> **Task requirements**:
Every line below should come back exactly as written, though the pictures stay out.
[[ Dataset content, beginning ]]
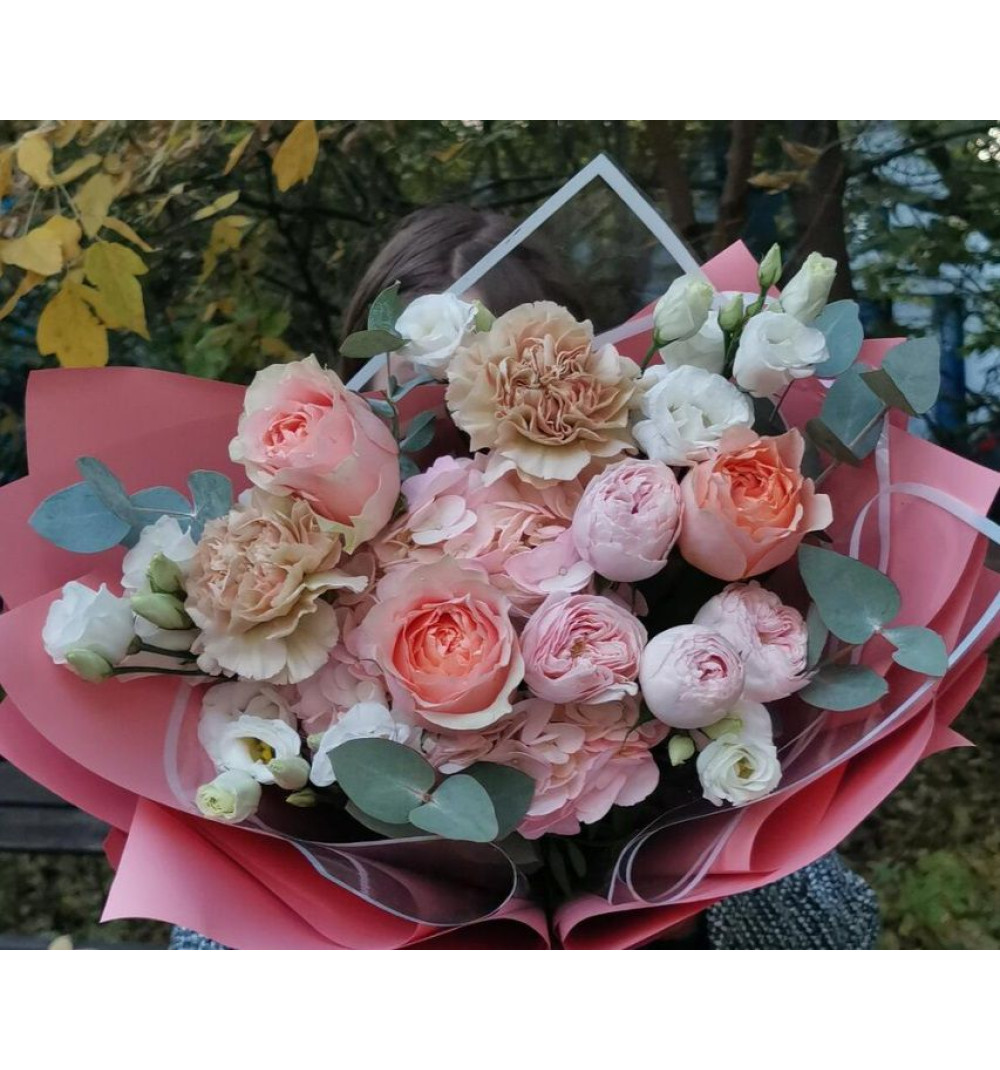 Купить Нежный букет с пионовидными розами Гравити, Мэнсфилд и гортензией в Шахтинске за 25 000 ₸ | интернет-магазин «Guls»
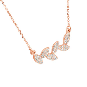 Precious, sparkly and delightful this girly and feminine diamante leaf pendant and necklace will be your go-to piece of jewellery whatever the occasion. Six dainty rose gold diamante encrusted leaves sit intertwined in a zig zag pattern on a simple rose gold chain. Why not treat yourself to this gorgeous rose gold leaf necklace or treat someone you love. This rose gold leaf pendant necklace would make the perfect present for birthdays, bridesmaids and flower girls, gifts for teachers, Mother’s Day, Valentine’s Day or anniversaries.
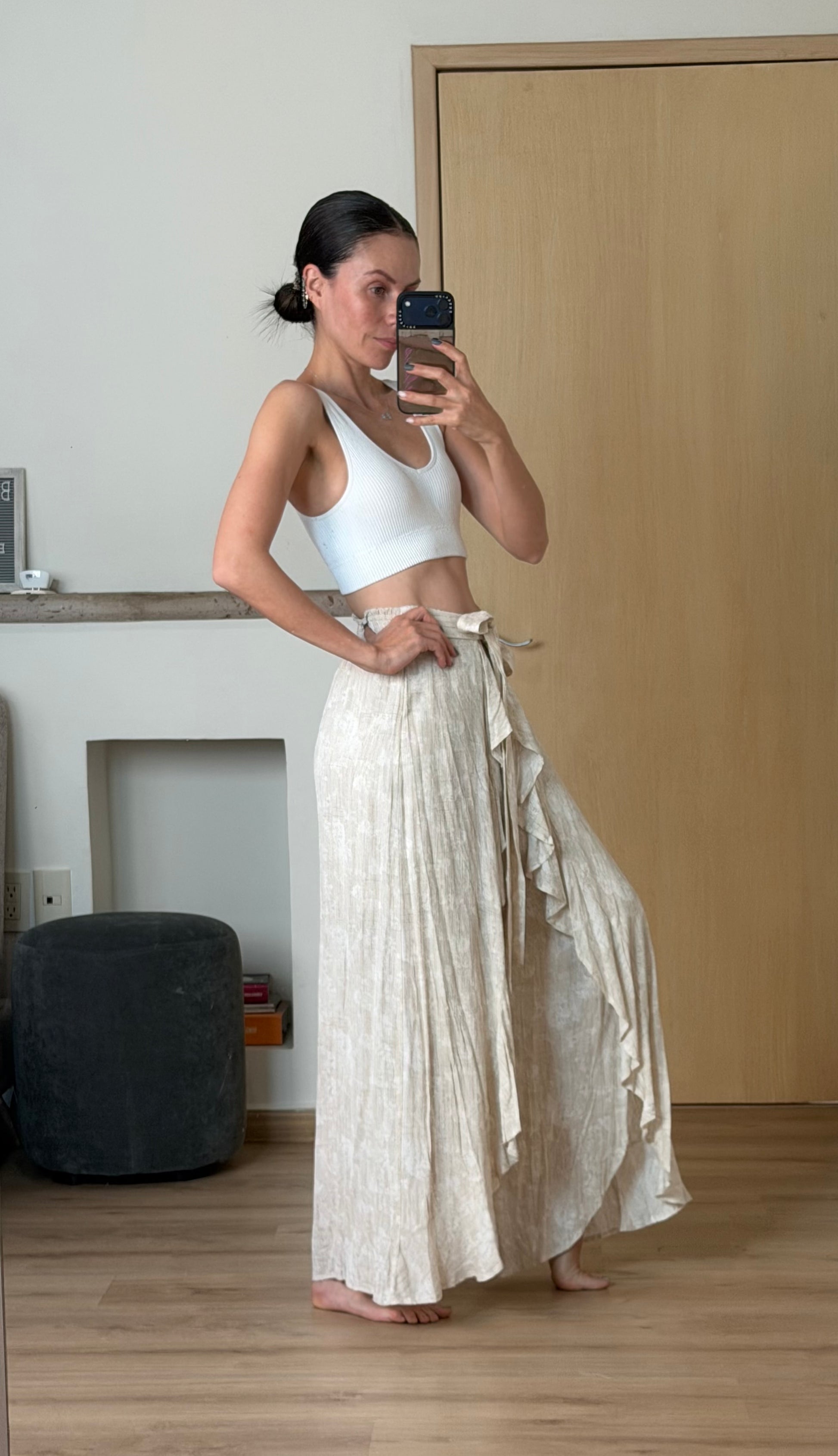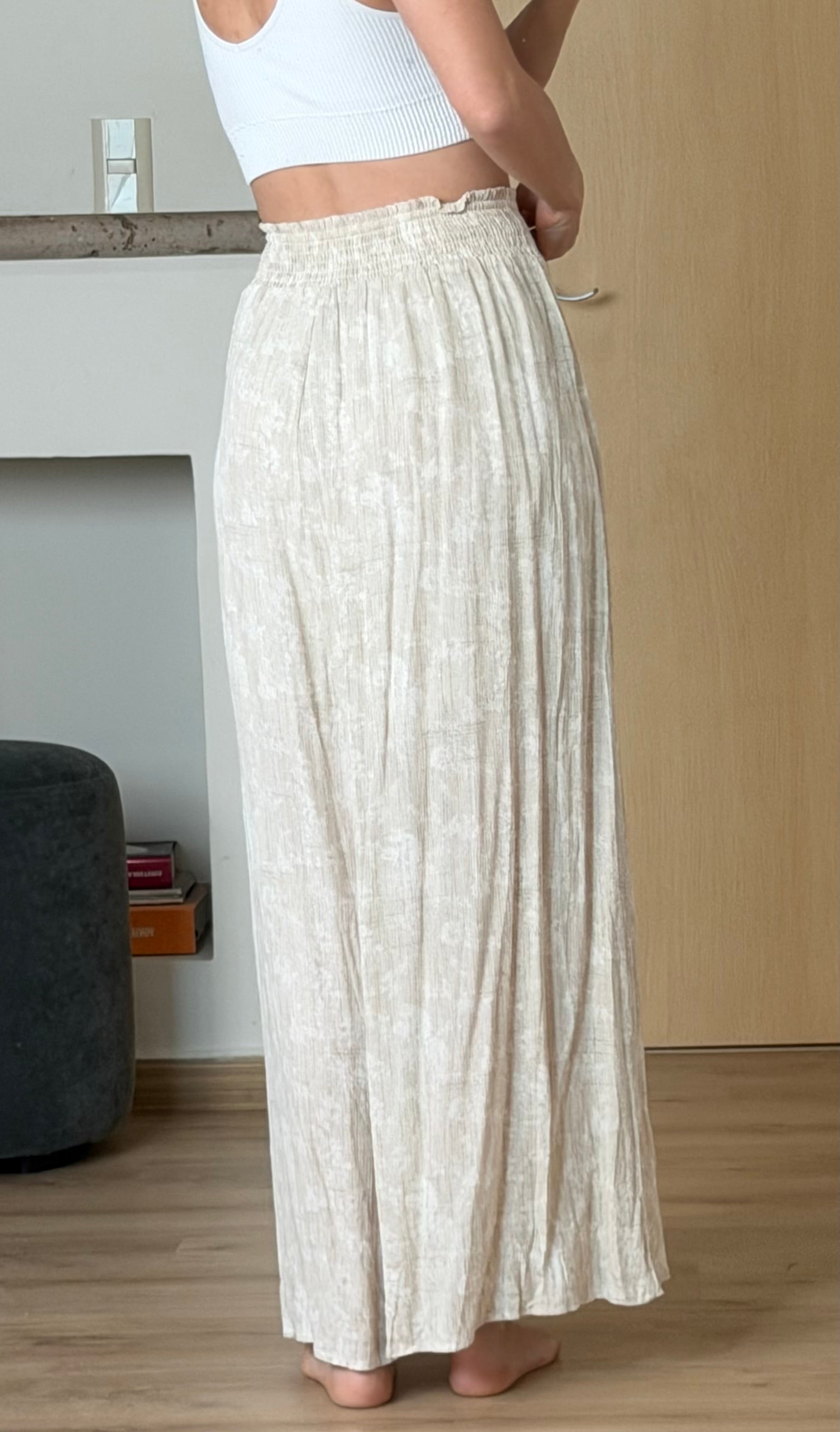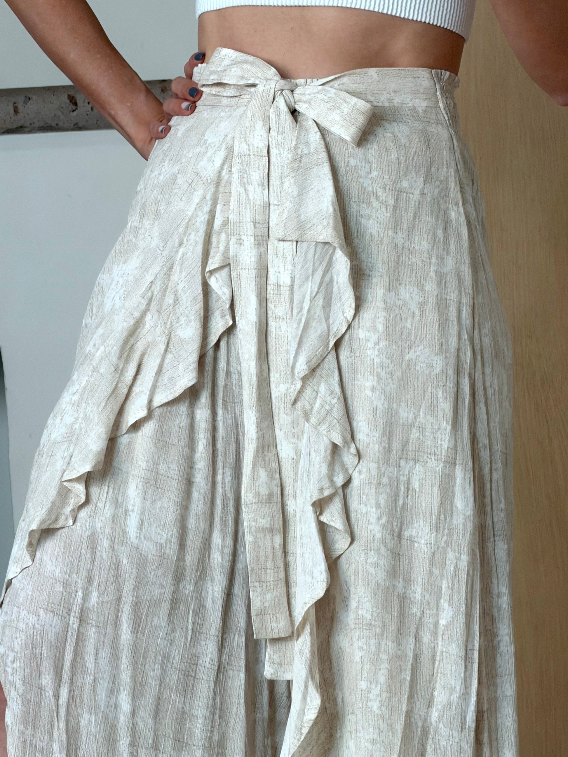 Nuestro Pants Seashell es la definición de frescura con estilo. Su diseño fluido y ligero lo convierte en una prenda ideal para la temporada de verano, mientras que la abertura frontal añade un toque de sensualidad sutil y libertad de movimiento. Los volantes aportan dinamismo y un aire femenino, elevando el look.
[[ Dataset content, end ]]
> **Problem solution**:
 Купить Нежный букет с пионовидными розами Гравити, Мэнсфилд и гортензией в Шахтинске за 25 000 ₸ | интернет-магазин «Guls»
 Precious, sparkly and delightful this girly and feminine diamante leaf pendant and necklace will be your go-to piece of jewellery whatever the occasion. Six dainty rose gold diamante encrusted leaves sit intertwined in a zig zag pattern on a simple rose gold chain. Why not treat yourself to this gorgeous rose gold leaf necklace or treat someone you love. This rose gold leaf pendant necklace would make the perfect present for birthdays, bridesmaids and flower girls, gifts for teachers, Mother’s Day, Valentine’s Day or anniversaries.
 Nuestro Pants Seashell es la definición de frescura con estilo. Su diseño fluido y ligero lo convierte en una prenda ideal para la temporada de verano, mientras que la abertura frontal añade un toque de sensualidad sutil y libertad de movimiento. Los volantes aportan dinamismo y un aire femenino, elevando el look.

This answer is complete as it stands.